Rare Holocaust-era hideout preserved near Warsaw
Poland has very few well-preserved hiding places of Jews in the Holocaust, though thousands survived the war in them.
Jewish prisoners of Gęsiowka, a German-Nazi Camp in Warsaw liberated in August 5, 1944 with Polish soldiers from Battalion “Zośka” of Home Army in the beginning of Warsaw Uprising. (photo credit:WIKIMEDIA COMMONS/POLAND 1944)
Polish officials registered a rare hideout used by Jews during the Holocaust as national monument.
The hideout in Rekowka, a village situated 90 miles south of Warsaw, was used by two non-Jewish families, the Skoczylas and Kosioróws, for sheltering several Jews in 1942, according to the Holocaust commemoration organization From the Depths, which facilitated the registration process until its completion this week.

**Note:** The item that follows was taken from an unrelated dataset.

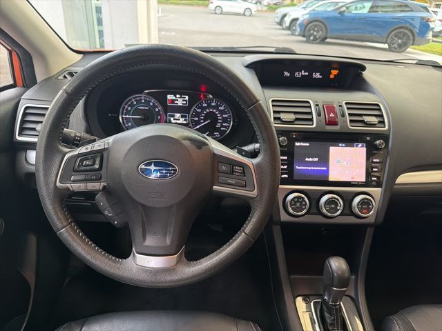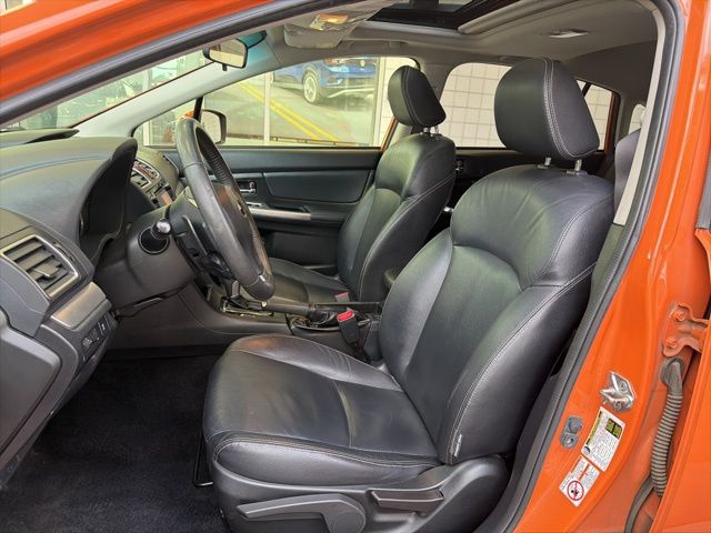 Moonroof/Sunroof, 17" x 7.0J Aluminum Alloy Wheels, 3.70 Axle Ratio, 4-Wheel Disc Brakes, 6 Speakers, ABS brakes, Air Conditioning, Alloy wheels, AM/FM radio: SiriusXM, Automatic temperature control, Brake assist, Bumpers: body-color, CD player, Driver door bin, Driver vanity mirror, Dual front impact airbags, Dual front side impact airbags, Electronic Stability Control, Exterior Parking Camera Rear, Four wheel independent suspension, Front anti-roll bar, Front Bucket Seats, Front Center Armrest, Front fog lights, Front reading lights, Fully automatic headlights, Heated door mirrors, Heated Front Bucket Seats, Heated front seats, Illuminated entry, Knee airbag, Lane Departure Warning System, Leather Shift Knob, Leather steering wheel, Low tire pressure warning, MP3 decoder, Occupant sensing airbag, Outside temperature display, Overhead airbag, Panic alarm, Passenger door bin, Passenger vanity mirror, Perforated Leather-Trimmed Upholstery, Power door mirrors, Power steering, Power windows, Radio data system, Radio: Subaru Starlink 7.0" Multimedia Plus System, Rear anti-roll bar, Rear seat center armrest, Rear Vision Camera, Rear window defroster, Rear window wiper, Remote keyless entry, Roof rack: rails only, Security system, Speed control, Speed-sensing steering, Split folding rear seat, Spoiler, Steering wheel mounted audio controls, Tachometer, Telescoping steering wheel, Tilt steering wheel, Traction control, Trip computer, Turn signal indicator mirrors, Variably intermittent wipers. Orange 2015 Subaru XV Crosstrek 2.0i Limited AWD Lineartronic CVT 2.0L 16V DOHC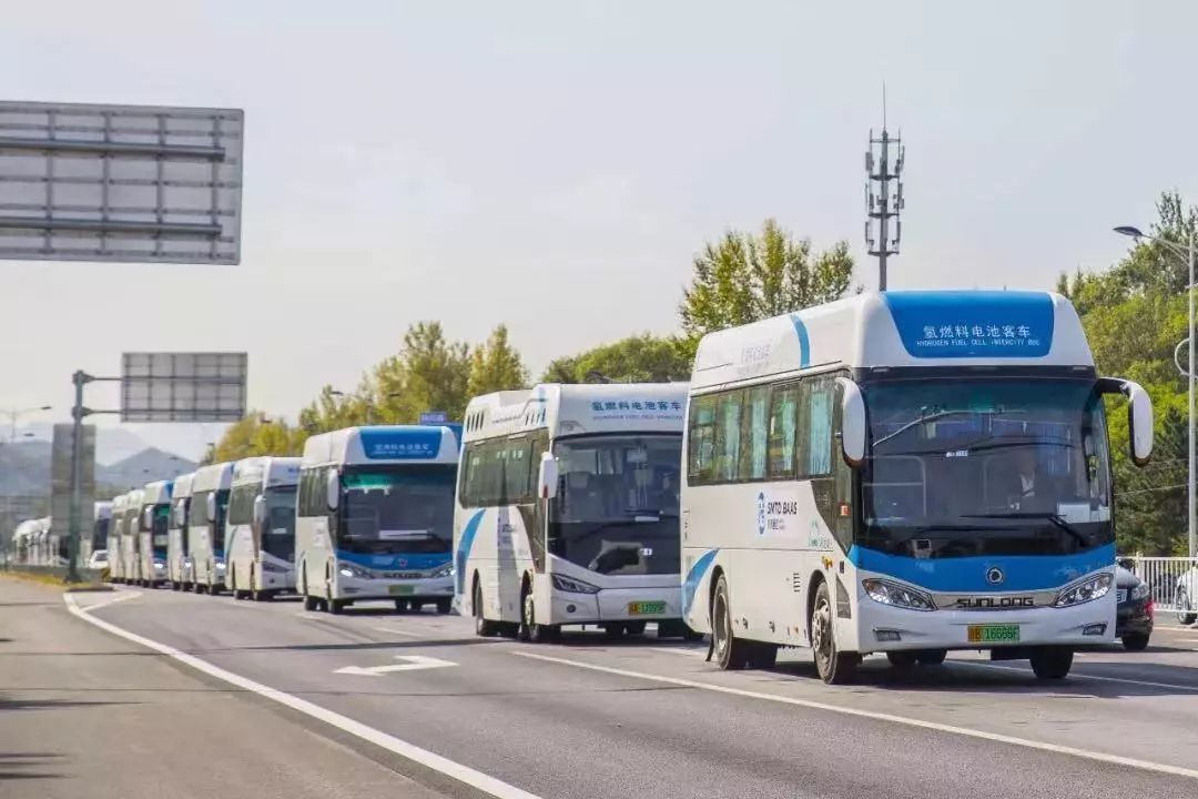 在推动氢能源产业发展的同时,延庆也在积极探索绿色交通应用。世园会期间,已有2辆氢燃料电池客车作为免费接驳车在园区开展示范应用,日均载客量达到200人次,接驳行驶总里程达5500公里。10月9日,30辆氢燃料电池客车圆满完成保障2019北京世园会闭幕任务,成为世园会一道亮丽的风景。

The subterranean hideout, which is connected by a trapdoor to the house that the two families shared, was home to six Jews, who were absent when German troops showed up at the house in December 1942 to search the premises, probably acting on an informant’s tip. Upon discovering the trapdoor, the Nazis killed 10 of the two families’ members.
Only four survived, and they sealed the hideout and left it untouched for 72 years, according to Jonny Daniels, founder of From the Depths, whom descendants of the victims contacted to inspect the hideout. His organization is trying to find the Jews who occupied the Rekowka hideout or their descendants.